Die Salzburger Juristin Silvia Behrendt und frühere Rechtsberaterin des IHR-Sekretariats der WHO hat am Montag gemeinsam mit der Juristin Amrei Müller eine Analyse zur WHO-Reform veröffentlicht. Behrendt ist eine Expertin auf diesem Gebiet, hat sie doch zu den IHR auch promoviert (Universität St. Gallen/Georgetown University Law Center, Washington).

Die beiden Rechtsexperten kritisieren, dass es bisher „kaum öffentliche oder rechtswissenschaftliche Diskussionen über diese umfangreichen Änderungen (und die parallelen Prozesse innerhalb der WHO zur Aushandlung eines neuen Vertrags über die Bereitschaft und Reaktion auf Pandemien)“ geben würde. Tatsächlich werden die Verhandlungen von den Leitmedien mehr oder weniger ignoriert, berichtet wird hauptsächlich von sogenannten „Alternativmedien“ – TKP hat die WHO-Reform intensiv begleitet.

Behrendt und Müller zeigen sich darüber überrascht, denn dem Urteil einiger weniger Kritiker stimmen sie durchaus zu. Die Verhandlungen erhalten kaum öffentliche Aufmerksamkeit, „obwohl die Ergebnisse dieser Prozesse das Potenzial haben, die Lebensgrundlagen, das Leben, die Gesundheit und die Menschenrechte von Menschen auf der ganzen Welt zu beeinträchtigen, unter anderem, weil die vorgeschlagenen Änderungen, wenn sie angenommen werden, der WHO und insbesondere ihrer Generaldirektorin (DG) einzigartige “Notfall”-Befugnisse verleihen und damit die sicherheitsorientierten Ansätze zur Bewältigung des Ausbruchs von Infektionskrankheiten, die in der so genannten Global Health Security (GHS)-Doktrin verankert sind, die die von der WHO geführte globale Reaktion auf Covid-19 dominiert hat, im internationalen Gesundheitsrecht verankern.“

Im Blog für internationales Recht „OpinioJuris“ verfassten die beiden deshalb einen „menschenrechtsbasierten Kommentar zu ausgewählten Änderungsvorschlägen, wobei der Schwerpunkt auf Änderungen liegt, die darauf abzielen, die Notfall- und Bioüberwachungsbefugnisse der WHO zu erweitern.“ Und auch andere rechtliche Punkte werden in der Analyse intensiv diskutiert.

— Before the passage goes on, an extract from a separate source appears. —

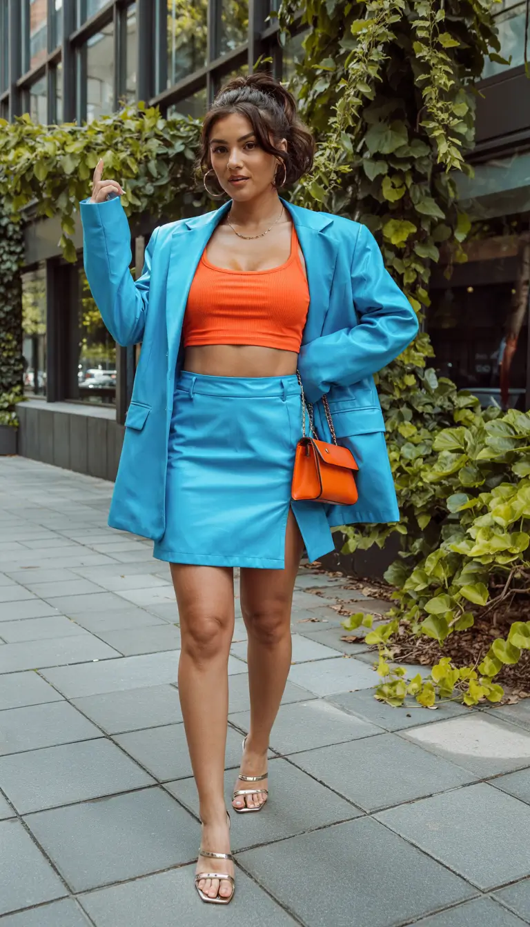 The attention-grabbing outfit begins with blue blazer and matching mini skirt combination which creates an eye-catching structure. The orange crop top fits tightly to create lively contrast between it and the outfit. An orange mini bag holds the ensemble together as strappy heels provide urban sophistication to the outfit. This street-suitable outfit produces an attention-grabbing impact for hot summer days.

Beide Reformen, der Pandemievertrag und die Änderungen der IHR, wirken für die Juristen „übereilt“. Im Mai 2024 sollen beide Reformen verabschiedet werden – das ist zumindest der Plan. Es braucht eine einfache Mehrheit, um die IHR-Änderungen zu beschließen. Dann „werden die Änderungen der IHR innerhalb von 12 Monaten für alle Staaten in Kraft treten, es sei denn, ein Staat legt innerhalb einer 10-monatigen Frist proaktiv Ablehnungen oder Vorbehalte.“ Der Pandemievertrag braucht stattdessen eine 2/3-Mehrheit und die nationale Ratifizierung beruht auf nationalem Recht.

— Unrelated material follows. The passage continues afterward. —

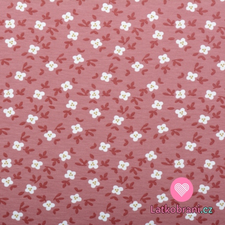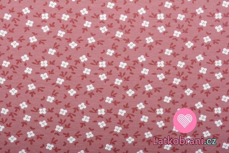 Úplet potisk drobná kvítka na starorůžové, BIO

WHO als globaler Gesetzgeber

Das Tempo der Reform sehen die Juristen jedenfalls äußerst kritisch:

„Die Aushandlung eines neuen multilateralen Vertrags in weniger als drei Jahren ist höchst ungewöhnlich. Die Staaten hatten auch nur vier Monate Zeit, um Änderungsanträge zu den IHR einzureichen, und die Experten, die den RC-Bericht verfasst haben (S. 11, 15), kritisierten den kurzen Zeitrahmen, innerhalb dessen der Bericht erstellt werden musste, was ihr Mandat einschränkte.“

Doch das sei nicht alles:

„Gleichzeitig bleibt das angestrebte Verhältnis zwischen den beiden Instrumenten [Pandemievertrag und IHR] unklar. In ihrer derzeitigen Form gibt es in fast allen geregelten Bereichen inhaltliche Überschneidungen, und es ist unklar, warum die WHO und ihre Mitgliedstaaten Ressourcen für die Aushandlung von zwei internationalen Instrumenten mit überlappendem Geltungsbereich und Inhalt verwenden.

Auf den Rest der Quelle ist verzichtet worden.